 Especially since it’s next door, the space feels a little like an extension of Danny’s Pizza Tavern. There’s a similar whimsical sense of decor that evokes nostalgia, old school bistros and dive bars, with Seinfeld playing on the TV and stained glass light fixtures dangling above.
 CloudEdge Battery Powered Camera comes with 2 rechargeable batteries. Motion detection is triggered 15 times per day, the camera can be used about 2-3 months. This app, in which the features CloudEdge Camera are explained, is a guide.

════════════════════

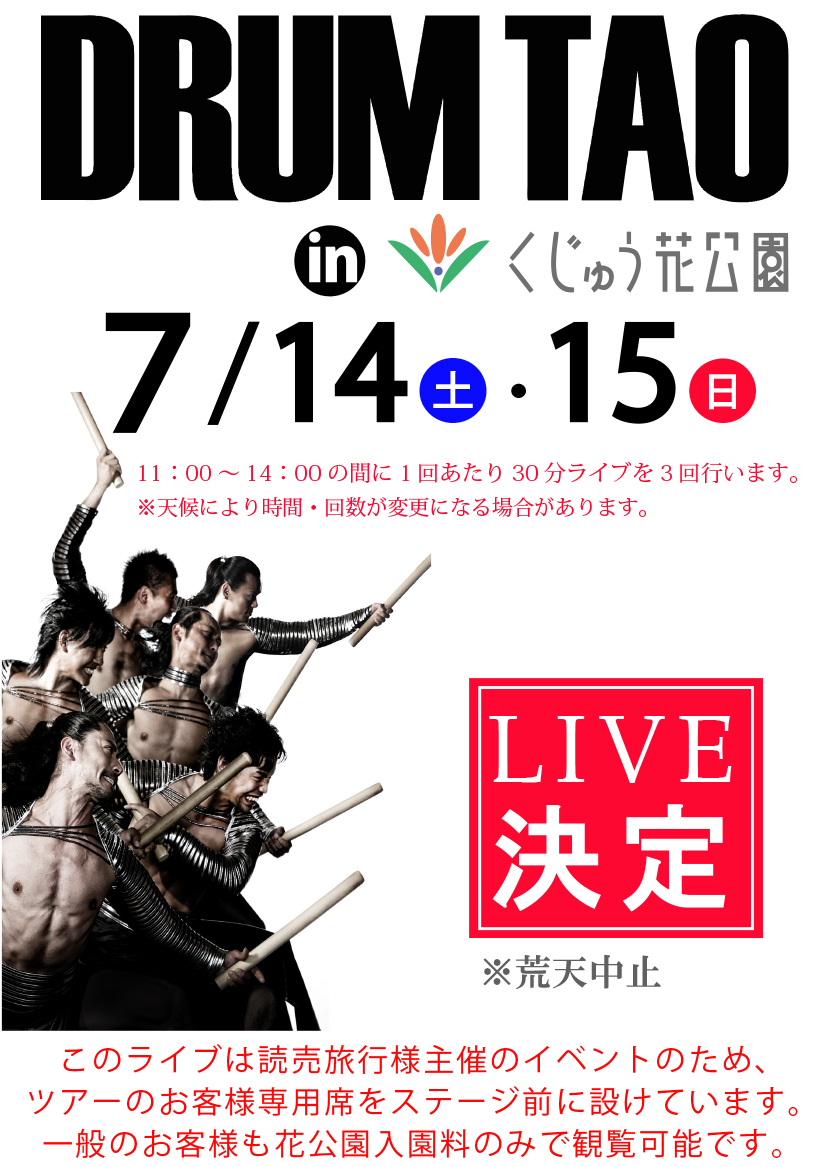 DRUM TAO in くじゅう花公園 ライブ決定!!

════════════════════

* Your instructions *
Tell how many lines of the data above hold the string "with". The number alone is the answer.

* Answer to the problem *
2